Положив трубку, Скорцени поднялся, прошелся по кабинету и вновь вернулся за стол.

Он никак не комментировал свой разговор с рейхсфюрером, но и так всем было ясно, что только что "доктор Вольф" получил разрешение действовать по своему усмотрению, привлекая к этому все имеющиеся в Будапеште германские силы. Поняв это, бригаденфюрер Везенмайер почувствовал себя слегка ущемленным уже хотя бы тем, что руководство операцией поручено не ему, генерал-майору войск СС, а этому тридцатишестилетнему штурмбаннфюреру-майору. Но понимал он и то, что сейчас не время ударяться в амбиции.

- Насколько я понял, рейхсфюрер торопит нас с выступлением? - спросил Везенмайер.

- Меня все торопят. Сам я тоже понимаю, что нельзя упускать время, но и преждевременное, неподготовленное выступление неуместно.

- И когда же вы намерены протрубить сигнал к штурму Цитадели?

- Выдвижение начнем завтра ночью, а на приступ пойдем послезавтра на рассвете.

Везенмайер и Хёттль многозначительно переглянулись.

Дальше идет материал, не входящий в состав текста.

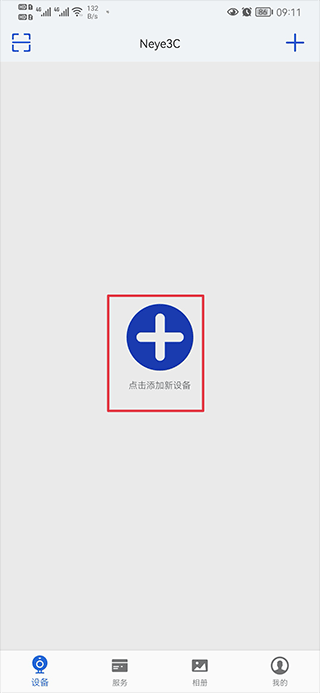 一、打开neye3c摄像头app,在首页中点击添加新设备

- Благоразумно, - выразил их общее мнение бригаденфюрер. - Хотя мне показалось, что вы отложите наступление еще на сутки. То есть попытаетесь максимально использовать силы и методы повстанцев-нилашистов.

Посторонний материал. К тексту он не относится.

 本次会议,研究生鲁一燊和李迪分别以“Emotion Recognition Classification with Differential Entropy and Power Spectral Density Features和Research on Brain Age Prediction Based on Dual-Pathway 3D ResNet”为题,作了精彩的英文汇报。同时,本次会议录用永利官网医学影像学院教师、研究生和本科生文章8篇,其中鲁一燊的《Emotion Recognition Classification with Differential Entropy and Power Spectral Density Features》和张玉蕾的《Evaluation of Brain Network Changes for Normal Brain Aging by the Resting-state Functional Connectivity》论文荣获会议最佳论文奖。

- Было бы слишком наивно предполагать, что Салаши сам поведет своих сторонников на штурм, - заметил Хёттль.

- Даже если бы он был в состоянии предпринять этот штурм, мои парни сделали бы все возможное, чтобы не допустить этого.

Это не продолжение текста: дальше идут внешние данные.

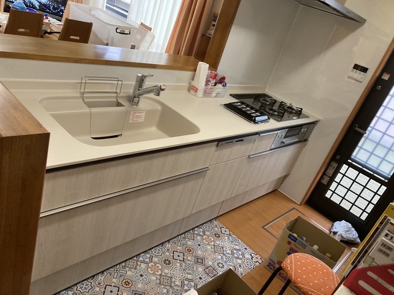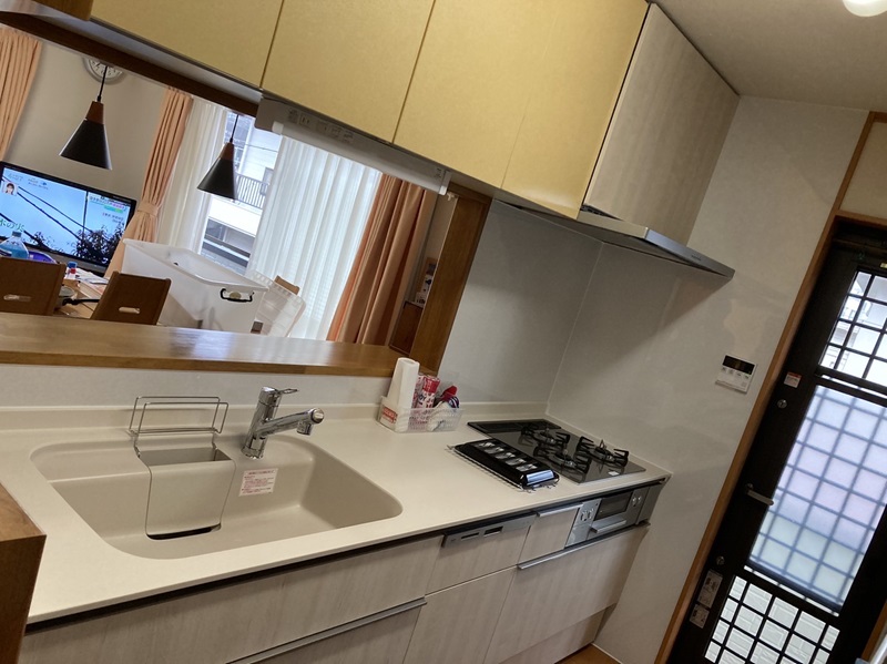 既存吊戸や背面収納とマッチしてシンプルながら使い勝手の良い新しいキッチン

- Но почему? - удивился Хёттль. - Фюрер венгров облегчил бы нам задачу.

- Считаю, что власть в стране Салаши должен получить из наших рук, из рук фюрера.

- А ведь это действительно имеет принципиальное политическое значение, - согласился бригаденфюрер, после чего в кабинете вновь воцарилось многозначительное молчание…

- Общий сбор командиров намечен был на шестнадцать ноль-ноль завтрашнего дня, - вновь вернулся за свой стол Скорцени. - Но коль уж вы здесь, должен сообщить следующее: вам, штурмбаннфюрер Крунге, вверяется общее командование армейской группой "Бронированный кулак".

- Благодарю за честь, штурмбаннфюрер.

- Как уже было сказано, вы приведете эту группу послезавтра, к пяти утра, под стены крепости.

- К пяти утра? Впрочем, ночью наше передвижение будет менее заметным.

- Позаботьтесь о том, чтобы все офицеры, и даже унтер-офицеры, ознакомились с планом крепости, расположением в ней правительственных зданий и расположением охраны. Эти планы уже размножены, и завтра они будут доставлены в батальоны.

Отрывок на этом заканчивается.